We've always spoken about security cooperation between businesses, vendors and governments. What is still lacking?

BlackBerry’s CEO John Chen recently published an article called: “The Simple Solution to the Technology Trust Crisis” which discusses the economic, social and ethical, responsibility of technology leaders to build security and privacy into their products by design.

He says, ‘The ask is not a tall one’.  First, build products that have security ingrained in each layer of the product and commit to no backdoors. Second, respect that an individual’s personal data is theirs and do not profit from the data or use it without their consent, which must be transparently obtained. 

He also says, ‘The answer is a simple one’. We must own our individual data and be given the transparent choice to monetize or otherwise leverage it. The problem only becomes complex when organizations put profits before ethics.

We have come a long way as an industry – recognizing and mitigating new threats, investing in developing new skills and taking active measures at deploying security solutions.   However, ‘cybersecurity’ is often thought of as an ‘IT’ responsibility – when it should be approached from all parts of an organisation, at every layer, from the admin staff and suppliers and contractors used, the machines that are connected… right up to the board or head of state who is ultimately responsible. 

Individually, consumers also have a responsibility to take an active role in our own digital security and data privacy.  That being said, industry and government need to provide better education for consumers.

At BlackBerry, we have always worked with governments, enterprises and individuals to address risks and threats to data.  As our world continues to reap the benefits of connectivity, we want to see governments put effective IoT security regulation in place.  For example, BlackBerry wants to work with policymakers to ensure things such as sensible passwords, labeling requirements, privacy protections, and appropriate disclosure are part of the equation, not just software updates.

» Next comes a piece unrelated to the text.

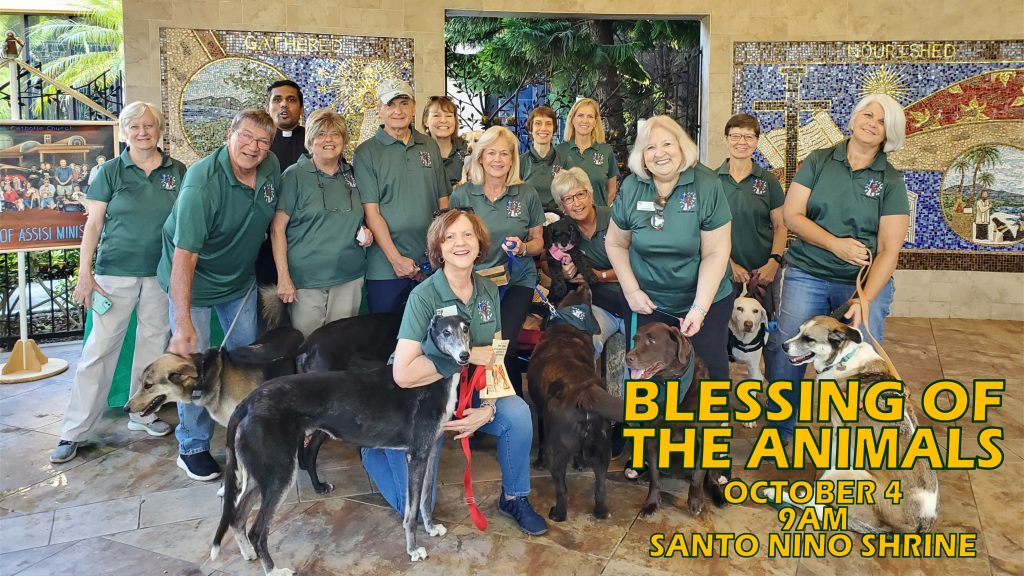 The annual Blessing of Animals will be held on Saturday, October 4, 2025, at 9:00am at the outdoor Santo Niño Shrine. All pet owners are encouraged to bring their animals. If you own a dog, please be sure that it is on its leash. Please also ensure that other animals are in a carrier, box or another type of containment device. Owners will have the option of receiving a St. Francis medal for their pet. This event is sponsored by the St. Francis of Assisi Ministry.

The problems are not impossible and can be solved. But we need to come together on common ground and have the resolve, both collectively and personally, to drive for and demand what is in our best interests.

Why is it always easier for the bad guys to talk and cooperate compared to the supposed good guys?

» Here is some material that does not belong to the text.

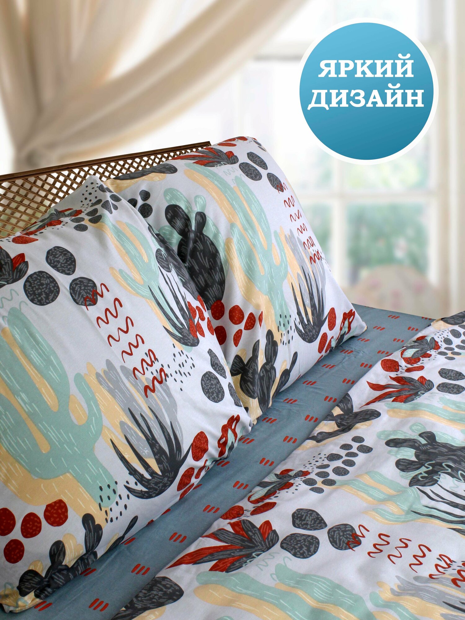 Постельное белье 2 спальное с кактусами Cleo Pure cotton комплект хлопок поплин наволочки 70х70

I don’t think it is that black and white – or indeed, grey.

In industry speak, a black hat hacker is one with malicious intent.  White hat hackers are however employed to use their skills to help companies to identify vulnerabilities and weaknesses in systems.  We employ our own team of white hat hackers here at BlackBerry to test our own systems – as well as provide that service for our customers.

Then there are those who are somewhere in the middle – intentionally testing systems for vulnerabilities without permission, then expecting a fee in return for the disclosure. 

Like in the cyber-world, people in the physical world are also motivated (and communicate) in different ways.   And criminal behaviour is mitigated by laws, fines, punishments and rehabilitation. 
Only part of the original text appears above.